He claimed about a 4 miles up there was a road that we could take, it would bring us all the way over to the 89, cutting underneath Page. I saw one of his dogs underneath his wheel sniffing the tire; shocked, I warned him, “Whoah.. your dog is under your wheel.” I scrambled to scare the dog from out of the car.
“Ohh that’s Mano.” And he revved his engine up.
Sean pulled up and showed the man our map, and he confidently pointed out the route. As he was passing back the map, Sean stumbled back over his Camelbak and scared the dog into the road where it was swiftly hit by a passing car, offering a thunderous sound to the desert landscape.
Sean looked over at the owner who appeared unphased and said, “Holy shit. You just see your dog get hit.”
The owner just laughed and casually shrugged.
“You want me to take it off the road?” I asked.
“Ehh.. yeah.. Just drag it over there.” He replied.
I waited for the traffic to clear up, hoping I wouldn’t have to witness any further gruesome mutilation to the poor creature’s body. I grabbed ahold of its limp front legs and pulled it off the road, trying not to think about the situation.
We continued our search for the 201 after it got dark and found ourselves desperate enough to take a random off road route, thinking that it must lead us to one of the main roads. Our depth perception was off and the sand was thick. We slid around the road dangerously through the night, keeping slow enough to avoid a serious crash. We crossed the electric train tracks, the same ones that the Monkey Wrench gang sabotaged in Ed Abbey’s book. We were lost. Our maps sucked. And we were terrible at navigating. Especially in the dark. So we set up camp and decided to deal with it tomorrow. Fortunately, a rancher passed through that night and we flagged them down for directions. They pointed us down a road, said it went about two miles and would T at the main road. That main road would take us to the 89.
“Heh..You guys are WAAAYYYY off!” He said as he drove off into the night.

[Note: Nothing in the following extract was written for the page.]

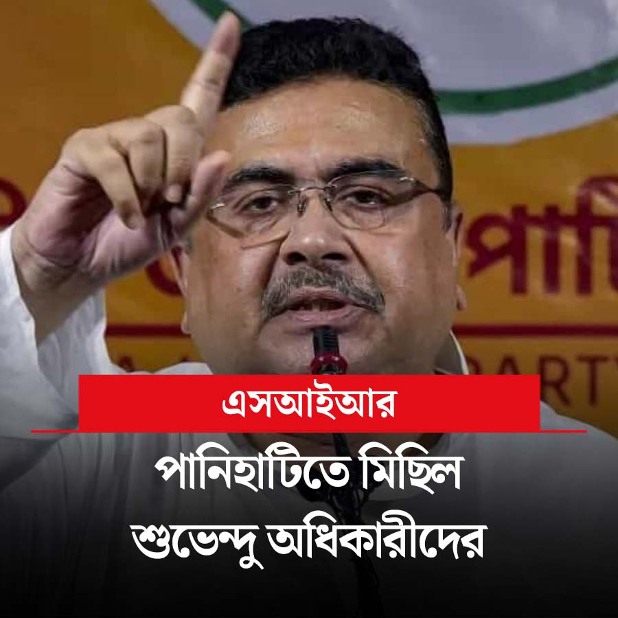 আজ কলকাতায় মিছিল করবেন মমতা-অভিষেক। একই দিনে উত্তর ২৪ পরগনার পানিহাটিতে এসআইআর নিয়ে তৃণমূলের অপপ্রচারের প্রতিবাদে মিছিল করবেন বিরোধী দলনেতা শুভেন্দু অধিকারী। রাজ্য পুলিশ তাঁকে মিছিলের অনুমতি না দেওয়ায় আদালতের দ্বারস্থ হয়েছিলেন তিনি। বিকেলে ৩ থেকে ৫টার মধ্যে শুভেন্দুকে মিছিল করার অনুমতি দিয়েছে হাই কোর্ট। তাই ওই সময় মিছিল করার প্রস্তুতি নিয়েছেন শুভেন্দু।

We were faced with the reality that when you go off paved roads in the desert, it will be sandy. Not only will it be sandy, but it will be…shall we say, less than conducive to bike riding. So instead of riding many sections we pushed, or maneuvered a track stand stall/crawl, inching our way towards the next foot of ground that would hold our tires with a bit of luck. There was a good mile’s worth of sand that we could not ride over and were forced to push our bikes through. Slowly and surely, we carved our way through the windblown sand. My arrowhead obsession had continued so I scanned the ground constantly, and by some miracle, actually found one. The main road was much more rideable, but that doesn’t say much for riding across a desert. All the while, I dreamed about the Surly Pugsley bicycle with it’s 4″ wide tires, thinking about how nice it would be to float over the sand. Not only was it difficult to merely pedal across flat/uphill sections, but even going downhill, you had to maintain full concentration so you wouldn’t crash. By the end of the day, we all had at least one good spill. It was always humorous to see the tracks (there wasn’t an inch of surface on the road that wasn’t painted visibly with our tread patterns) wend and twist when somebody lost control. Often you could even see a body impression as if it was outlined in chalk marking the fall.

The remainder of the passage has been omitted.